Читать Статьи об Илье Кабакове
Данное издание осуществлено в рамках совместной издательской программы
Музея современного искусства «Гараж» и ООО «Ад Маргинем Пресс»
Книга издана при участии и под редакцией Наталии Никитиной
Оформление – ABCdesign
© Борис Гройс, 2016
© Фоменко А.Н., перевод, 2016
© ООО «Ад Маргинем Пресс», 2016
© Фонд развития и поддержки искусства «АЙРИС» / IRIS Foundation, 2016
1–2. Илья Кабаков показывает свой альбом в московской мастерской. 1972. Фото: Игорь Макаревич.
Архив И. Макаревича
Художник как рассказчик
Илья Кабаков принадлежит к тому поколению русских художников, перед которыми на стыке пятидесятых и шестидесятых годов открылась панорама достижений западной живописи – от французских импрессионистов до самых последних художественных течений. Сразу же следует сказать, что это поколение художников было не единственным в русской истории, для которого западная интеллектуальная и художественная история открылась именно в качестве панорамы, то есть подобно новой стране, полной чудес и необычных возможностей. Открытие Запада происходило в России неоднократно, и затем каждый раз по тем или иным причинам эффект открытия сходил на нет. И поэтому вопрос, отправляться ли на эстетическое завоевание вновь открывшейся страны или отвернуться от нее и заняться собственными делами, стоял, стоит и, видимо, будет стоять перед русскими первооткрывателями.
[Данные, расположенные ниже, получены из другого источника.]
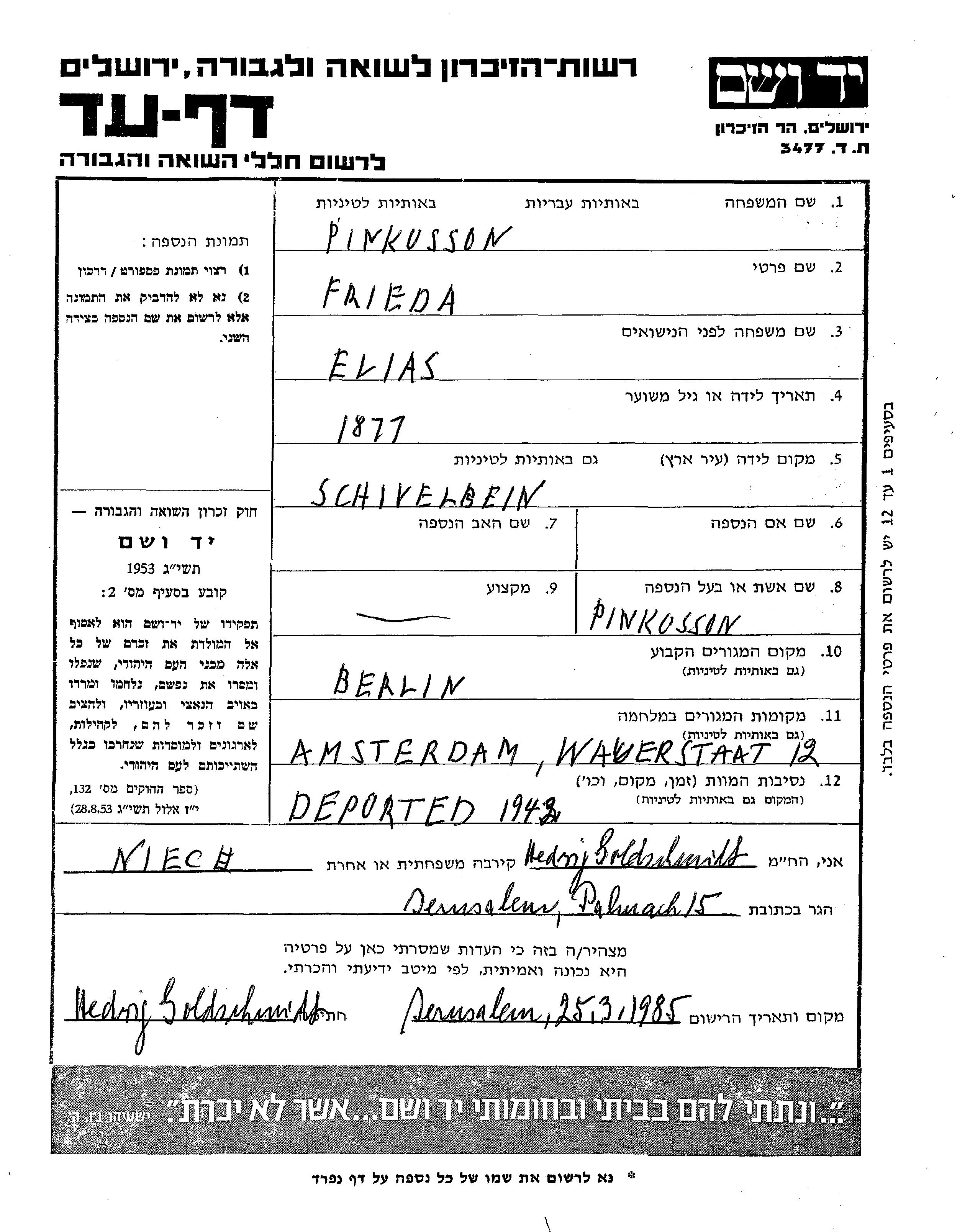 Frieda Pinkusson, geb. Elias wurde im Jahr 1877 in Schivelbein, Deutsches Reich geboren. Vor dem Zweiten Weltkrieg lebte sie in Berlin, Deutsches Reich. Während des Krieges war sie in Amsterdam, Niederlande.

Своеобразие ситуации состоит в том, что упомянутая панорама существует лишь в воображении обозревающих ее. Поскольку прошлое и будущее присутствуют в историческом «сейчас» только в качестве специфической структуры и направленности еще нереализованных исторических возможностей, не прозрачных ни для наблюдателя, ни даже для их носителя, то при встрече с реальным Западом русские всегда чувствовали глубокое разочарование, укреплявшее их в сознании особого пути России. Ведь они оказывались единственными хранителями страны «Запад», единственными созерцателями неповторимого зрелища.
Трудности, однако, немедленно возникали при переходе от созерцания к действию. Дело в том, что даже взаимоисключающие западные идеи и художественные течения казались одинаково убедительными. И это не удивительно. Если говорить только об искусстве, то одновременно созерцались все этапы его развития, следовавшие один за другим. Каждый из них был для своего времени почти всепобеждающим, он образовывал почти исчерпывающую целостность, охватывал всю реальность и содержал в себе свой собственный закон видения. Возникает вопрос: почему же затем он уступает место другому, столь же самодостаточному и внутренне непротиворечивому стилю? Самый этот вопрос предполагает, однако, взгляд извне. Переход от стиля к стилю или от эпохи к эпохе лишь извне кажется делом предпочтения. «Внутри» же никакая эпоха и никакой стиль не являются замкнутыми в себе тотальностями. Эпоха и стиль представляют собой лишь попытки ответа на собственную внутриисторическую необходимость. Однако эта необходимость не уловима извне. Она заключена в глубине того «сейчас», которое кажется ослепленному исторической панорамой взгляду скучным и пресным.
3–4. Илья Кабаков. Листы из альбома «Вшкафусидящий Примаков». 1971–1972. Архив И. и Э. Кабаковых
Наблюдатель задает себе вопрос: чему же отдать предпочтение, если каждый стиль и каждая эпоха содержат в самих себе источники и правила предпочтения? Выбрать последнее по времени? Но и последнее по времени не есть «сейчас». Будучи даже последним, оно все равно уже в прошлом и, следовательно, принадлежит ко всей панораме в целом. В этой ситуации наблюдателю не остается ничего другого, как увлечься тем, что его увлекает. Из открывшегося ему он выбирает то, что более созвучно его душе. Основание выбора тем самым оказывается исключительно психологическим. Логика исторического движения заменяется природной иррациональностью психологического предпочтения, различные эпохи и стили становятся манифестациями мировосприятия, свойственного людям различных психологических установок. В свою очередь эти психологические установки и различия между ними становятся чем-то большим, чем просто человеческие характеры и различия между ними. Поэтому различие «точек зрения» часто приобретает у русских характер абсолютной пропасти: некоторое метафизическое измерение на фоне метафизической пустоты, подменяющей связность и логику исторического пути. Эти сверхпсихологические различия объясняют лишь мистически или позитивно, что, впрочем, одно и то же. Одержимость бесами столь же убедительна, как и отношение к средствам производства.